See: Caroline Aiken Koster, “The Pie That Must Not Be Named,” The Wall Street Journal, April 30, 2021, p.A15.

Let’s read Our Violent 19th Century

Joanne B. Freeman, The Field of Blood (2018) (70 violent incidents in US capitol between 1830 and 1860s); Ted Widmer, Lincoln on the Verge (2020) (plots to kill Lincoln and disrupt electoral vote after election); (3) Daniel R. Biddle and Murray Dubin, Tasting Freedom (2010) (black voter murdered on way to Philadelphia polls in 1871); (4) T.J. Stiles, Jesse James (2002) (unreconstructed rebel and murderous outlaw); (5) William L. Riordan, Plunkett of Tammany Hall (1905) (making millions off “honest graft”).

See: Jon Grinspan, “Five Best,” The Wall Street Journal, May 8-9, 2021, p.C8. Grinspan is the author of “The Age of Acrimony: How Americans Fought to Fix Their Democracy, 1865-1915.”

Book store Plug

Culinary historian Jessica Harris takes a tour of Mississippi barbecue and gets in a plug for Square Books in downtown Oxford on the Square, hence the name. She has a personal library of 6,000 volumes but is always on the hunt for more.

See: Jessica Harris, “Riding Shotgun,” Garden & Gun, June-July, 2021, p.108.

In May, Netflix will launch Jessica’s four-part documentary on African-American food, High on the Hog.

Message From the Land of Dinotopia

James Gurney wrote and illustrated the wildly successful Dinotopia series, a marvelously magical world where dinosaurs and humans coexist. Gurney’s weblog “Gurney Journey”(Dec. 14, 2011) acknowledges his encouragement and support by acrossthe-Hudson neighbors Ian and Betty Ballantine. You of course know them as the paperback pioneers and founders of Bantam Books 1945 and then Ballantine Books in 1952.

Ballantine had published Lord of the Rings and the beautifully illustrated Faeries. Ian once told James “There is no problem in the world that a book can’t solve.”

Ian posed as Nallab, the third assistant librarian of Waterfall City. The head librarian is Enit which with Nallab spells Ballantine backwards.

And in an ATG brush with the famous, a Strauch grandson George (age 6) is crazy about Dinotopia and wrote a fan letter to James Gurney. With incredible kindness, James sent George a postcard.

Dagny

Dagny Janss Corcoran is so known in the art world that she has become a single-name entity. Her father was a real estate developer by day — Thousand Oaks, Idaho’s Sun Valley — and entertainer of artists of L.A.’s Cool School by night.

Dagny founded the Culver City independent book store Art Catalogues.

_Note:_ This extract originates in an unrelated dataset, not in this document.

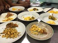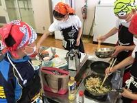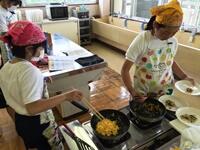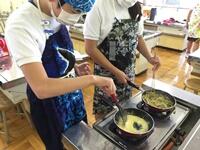 午後には、調理実習を行い、マカロニナポリタンとポテトサラダを作りました。できあがった料理をみんなおいしく食べました。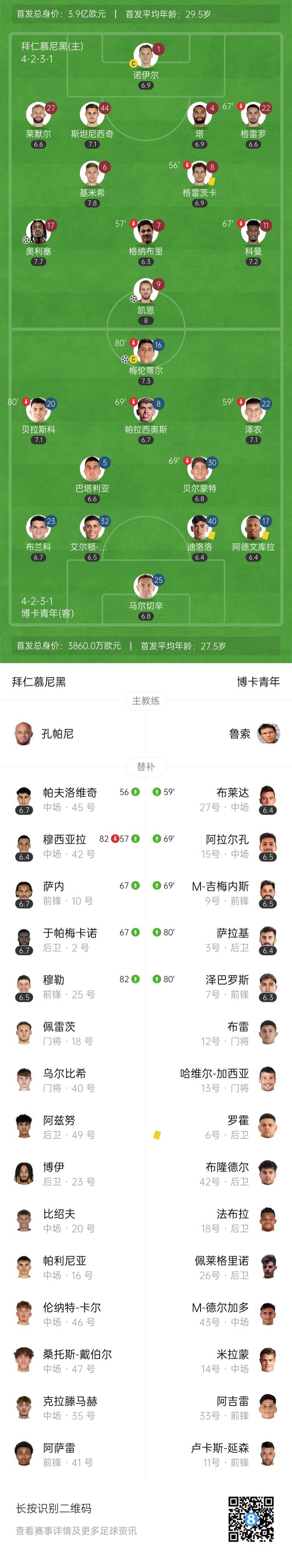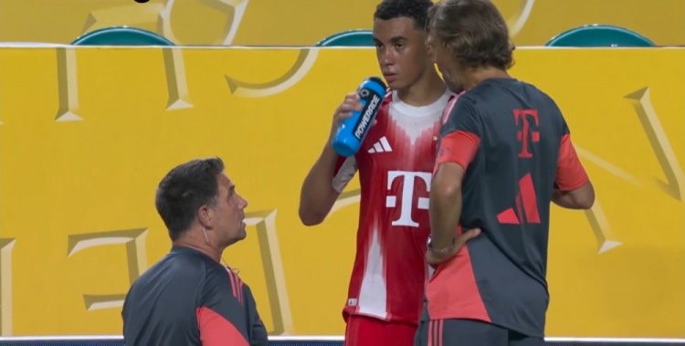 第82分钟,下半场替补登场的穆西亚拉疑似伤情,被穆勒换下↓

Her inventory has more than 10,000 titles of art catalogs — new, rare, and out-of-print. She calls herself an “art advisor for books” and builds bespoke libraries for an exclusive list of private collectors.

She has been painted by David Hockney and her legs sculpted by Edward and Nancy Kienholz and mounted on the front of a Playboy pinball machine in a “feminist assemblage sculpture” (The Bronze Pinball Machine With Woman Affixed Also).

Now, the Marian Goodman Gallery has posted her to Paris to their stand-alone bookstore Librairie Marian Goodman.

See: Michael Slenske, “Next Chapter,” WSJ Magazine, May, 2021, p.64.